Rose’s parents hoped that she would get married, but Rose wanted to give her life completely to God. She told her parents that her dream was to join the convent to become a nun, but they would not give her permission. They needed Rose at home, helping to support the family.
Rose moved into a hut in the garden. She earned money by selling her flowers during the day. At night she did needlework, making designs with colorful threads on cloth. People bought the clothing she decorated. With the money she earned, Rose helped her family and also bought food for the needy people in her community. She put her prayers into action. With help from her brother, she added rooms to her hut and cared for homeless children and the elderly. She became a much-loved woman everywhere in her country.

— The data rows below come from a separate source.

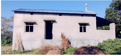
Church at Andowakhola in Bihar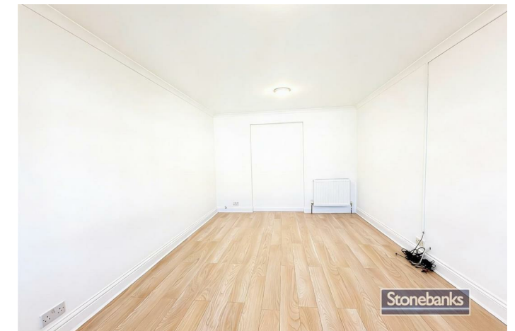
HOUSE - SEMI-DETACHED (EPC RATING: D)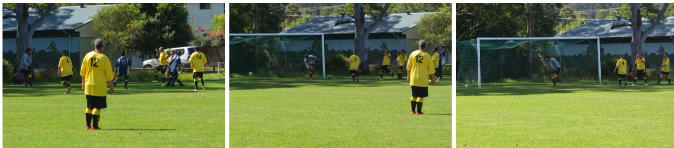
⤴ OURIMBAH takes the lead.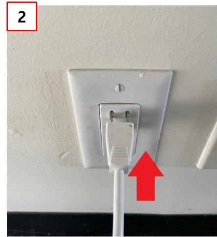
② Plug the cord back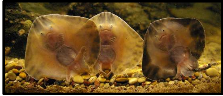
Sharks are elasmobranchs, which makes them closely related to rays and skates, such as these little skates.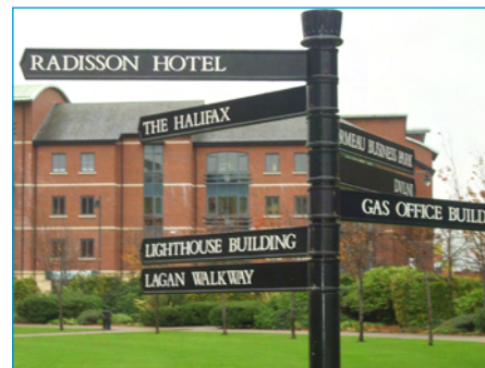
The Gasworks Quarter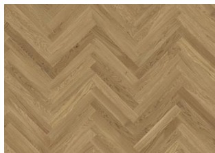
Oak Studio CD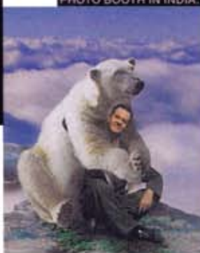
THE STRIPED LOBBY OF THE MARK HOTEL. BELOW: HE SNAPPED THIS PIC IN AN AIRPORT PHOTO BOOTH IN INDIA.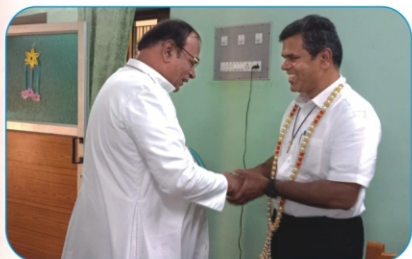
Visit of new Archbishop Susai Jesu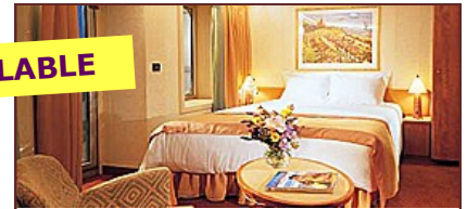
Balcony Cabin from $1,295 per person double occupancy. Singles on request. Sit outdoors, relax, enjoy the privacy and admire the incredible passing scenery.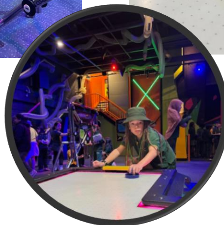
Year 5 excursion to Questacon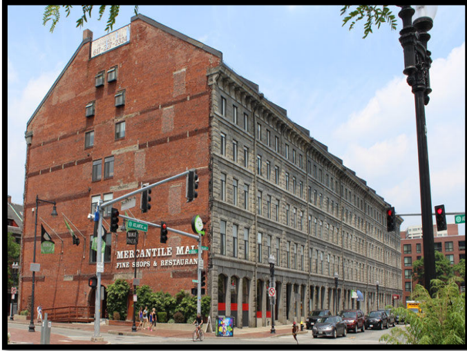
Mercantile Wharf Building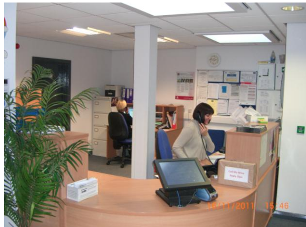
The new Reception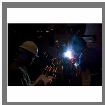
MIG Welding Service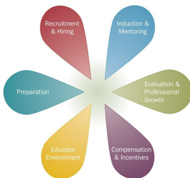
Figure 1: Talent Management. This figure depicts the systems that develop and support educators.

Similar to all professionals, U.S. Virgin Islands Department of Education (VIDE) coordinators need evidence-based feedback and professional supports to continue to grow in their positions. Research has associated these types of supports with increased job satisfaction, retention, and performance improvement. Current efforts to improve educational administrators recognize the importance of managing talent across the career continuum. Managing educator talent requires coherence among systems that wrap around and support educators (see Figure 1) and coordination between districts, departments of education, leader preparation programs, and other entities (Behrstock-Sherratt, Meyer, Potemski, & Wraight, 2013).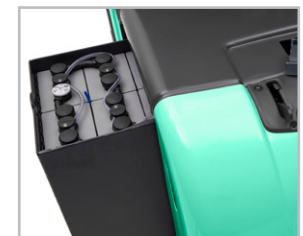
Robust battery rollers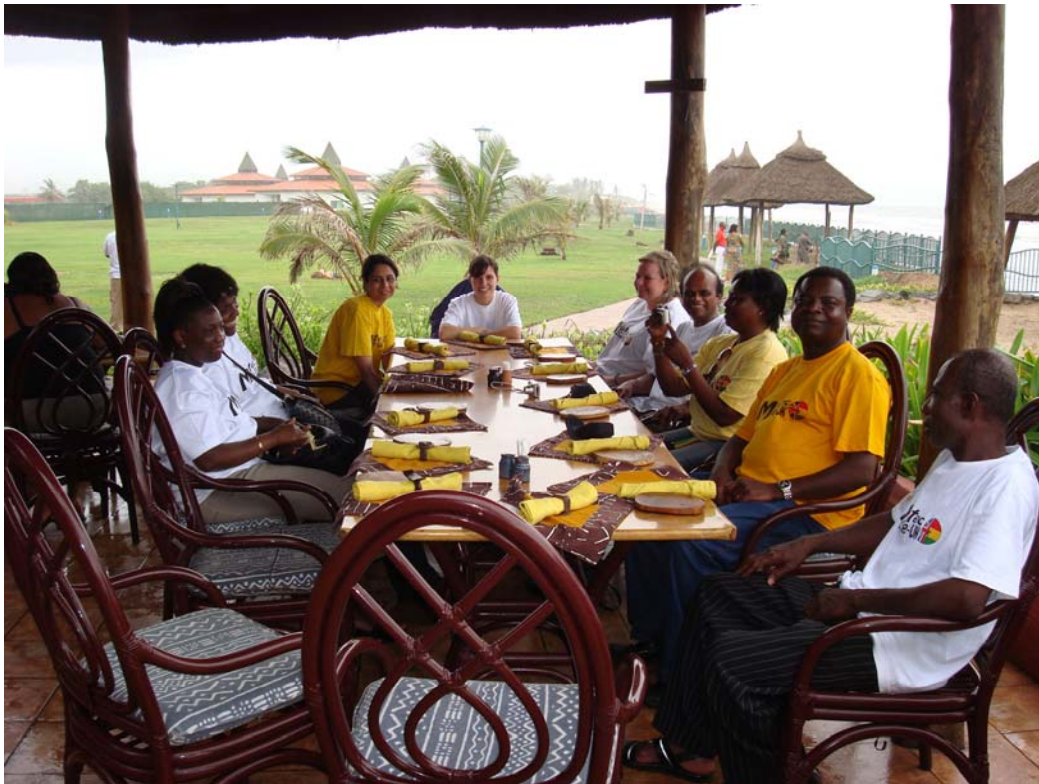
Motec's Social Evenings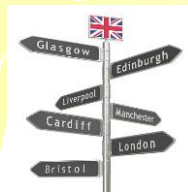
Visit a different City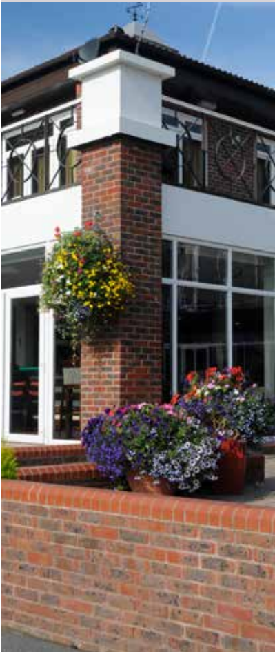
Golf Club, Formby, Merseyside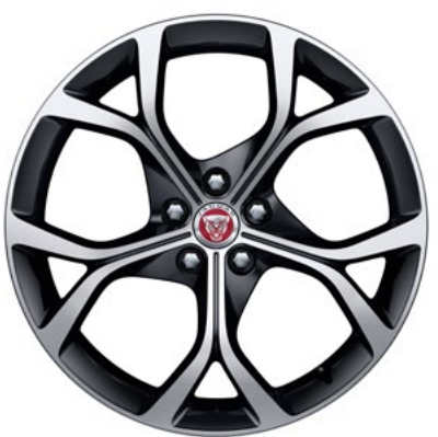
19" Style 5101, 5 split-spoke, Gloss Black Diamond Turned finish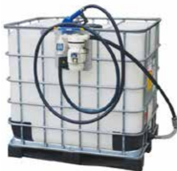
AF-FP-101320 240V 1000L IBC Kit with Auto Nozzle & Meter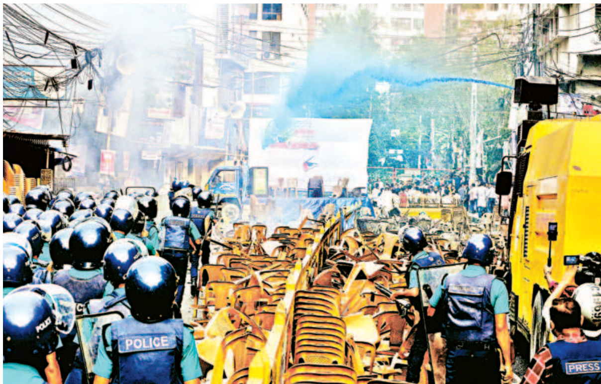
Police use a water cannon as officers approach the stage after dispersing the participants of a Jatiya Party rally, organised by blocking the street in front of the party's central office in the capital's Kakrail yesterday afternoon. Story on page 3.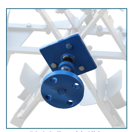
5C-6 Coiler with Slide Drive Adaptor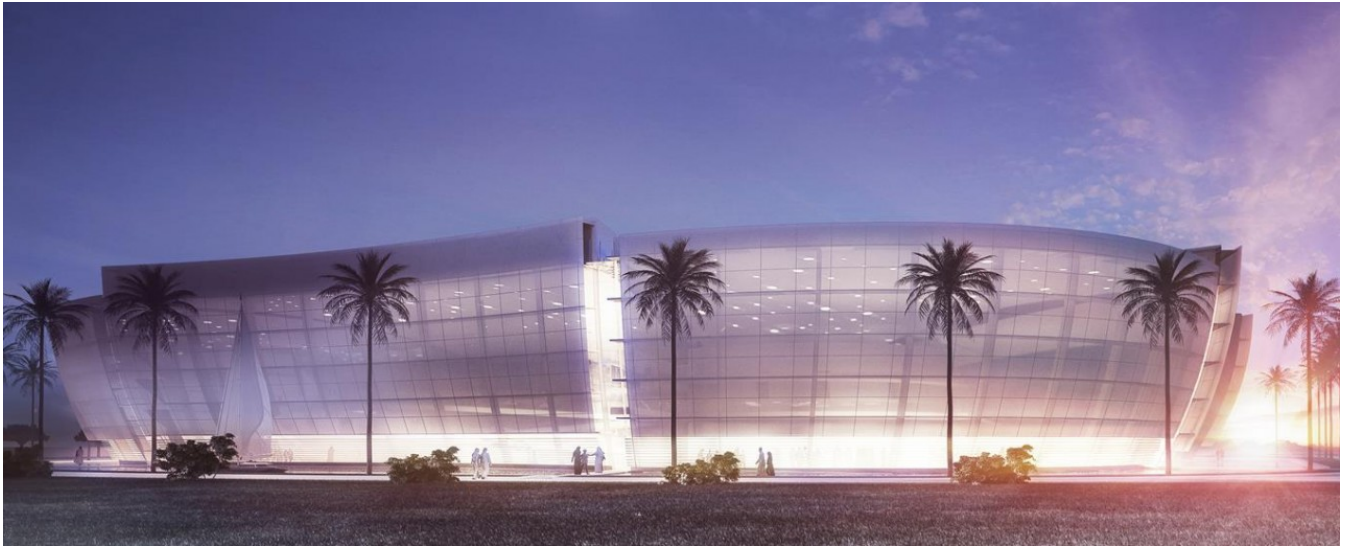
Transports Museum project in Doha, Qatar by Dragan Architecture

“What I am trying to do with my work is to always have a concept behind and a true idea behind the concept.”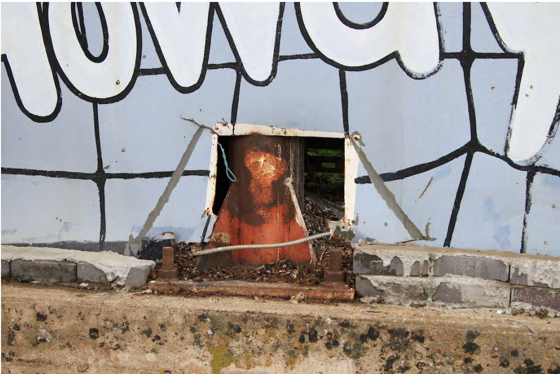
Base of cowboy showing cast iron column, June 2014 (DLA)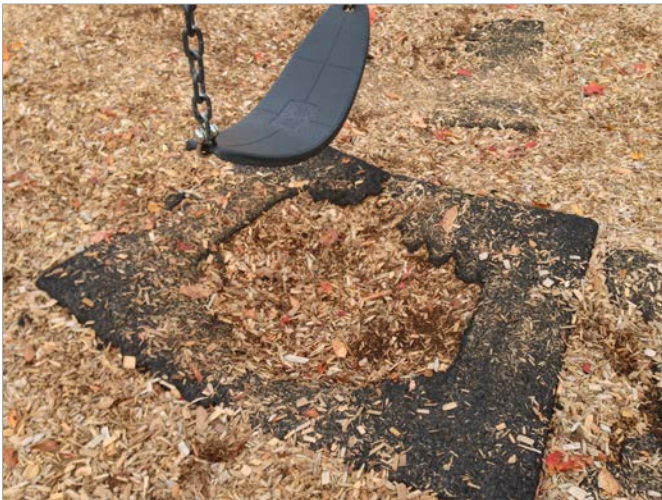
Above: Swing mats are deteriorated and need replacement.

When people complimented her beauty, Rose cut her hair and rubbed pepper on her face so that she would not be noticed for her appearance. While she never became a nun, she took vows for the Third Order of St. Dominic and remained chaste through her life.
Rose did not take good care of her own health. She did not sleep enough and she did not eat properly. These sacrifices shortened her life of service to Jesus and her neighbor. When she died in 1617, she was just 31 years old, and people from all over Lima came to her funeral Mass to thank God for filling Rose with love for all people.
She was canonized in 1667. We honor Rose of Lima on August 23. She was the first person from the New World—the Americas—to be named a saint, and she is today the patroness of Latin America and the Philippines, as well as of gardeners and florists. Rose’s life teaches us to reach out to our neighbor and to use our talents to help them live better lives.